In re Norwest Capital Management & Trust Co.

MR. JUSTICE MORRISON

delivered the Opinion of the Court.

This is an appeal from a declaratory judgment of the District Court of the Thirteenth Judicial District in Yellowstone County de*400daring Ruth Maki, mother of decedent Carmen Maki, the sole heir of her daughter’s estate for the purpose of bringing a wrongful death action.

On December 21, 1983, the parties filed a joint petition for a declaratory judgment in the District Court of the Thirteenth Judicial District in Yellowstone County, to determine where mother and/or sister are “heirs” qualifying them to maintain an action for the wrongful death of Carmen Maki under Section 27-1-513, MCA. Norwest Capital Management & Trust Company was Conservator of the Estate of Ruth Maki, mother of decedent Carmen Maki. The other Joint Petitioner was Marcella E. Maki, the sister of decedent Carmen Maki.

At the pre-trial conference, the trial court indicated it would decide the legal issue based upon stipulated facts submitted by the parties. On October 2,1984, the District Court entered its judgment in favor of Norwest, declaring Ruth Maki the sole heir. Marcella Maki appeals.

The joint petition presented the following undisputed facts:

“On May 27, 1983, Carmen Maki was killed in an automobile accident in Fergus County, Montana. Carmen Maki was an individual of legal age who resided in Billings, Yellowstone County, Montana, at the time of her death.
“Ruth Maki is the natural mother of Carmen Maki and Marcy Maki is the sister of Carmen Maki. Carmen Maki left no other surviving relatives of any degree of kinship enumerated in Sections 72-2-202 and 72-2-203, MCA.
“The death of Carmen Maki has given rise to an action for wrongful death.”

The trial judge declared that Ruth Maki, as mother of decedent, is the sole heir for purposes of maintaining a wrongful death action. We affirm.

Montana’s wrongful death statute, 27-1-513, MCA, grants only “heirs and personal representatives” the right to “maintain” an action for wrongful death. Nowhere in the wrongful death statutory scheme is “heir” defined. In Versland v. Caron Transport (1983), [206 Mont. 313,] 671 P.2d 583, 40 St.Rep. 1681, this Court defined “heirs” as “those persons who are entitled to the property of a decedent under the statutes of intestate succession.”

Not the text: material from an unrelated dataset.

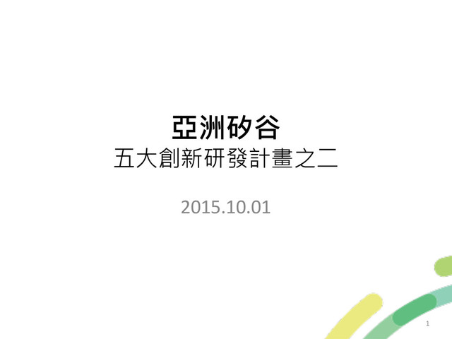 亞洲矽谷 五大創新研發計畫之二 2015.10.01 1

The trial judge in this appeal correctly adopted the rationale in the concurring opinion of Johnson v. Marias River Electric Coop. (1984), [211 Mont. 149,] 687 P.2d 668, 41 St.Rep. 1528, by applying *401the statutory definition in effect at the time of the enactment of the wrongful death statute to determine which parties qualified as “heirs.” We reject the appellant’s argument that the date of the original enactment of the wrongful death statute, 1871, is the determinative date by which “heir” is defined. Montana’s 1871 intestate succession laws included “sisters” in the same line as mothers and fathers.

Both Montana’s intestate succession and wrongful death statutes were amended in 1877. The Wrongful Death Act changed the class of individuals allowed to recover from “the widow and next of kin of such deceased person . . .” to “heirs and personal representatives.” Since the operative term “heirs” was introduced by this 1877 enactment, the definition in the 1877 intestate succession statutory scheme is the controlling law. The intestate succession statute was amended in 1877 to drop “sisters” from the same succession line as parents. “Heir” means those who take upon decedent’s death under the intestacy statute. After the 1877 amendment the Maki heir is the mother only. We affirm the trial court’s judgment relying upon the Johnson rationale denying Marcella Maki the status of “heir” and declaring Ruth Maki, decedent’s mother, as sole heir.

MR. CHIEF JUSTICE TURNAGE and MR. JUSTICES WEBER, SHEEHY and GULBRANDSON concur.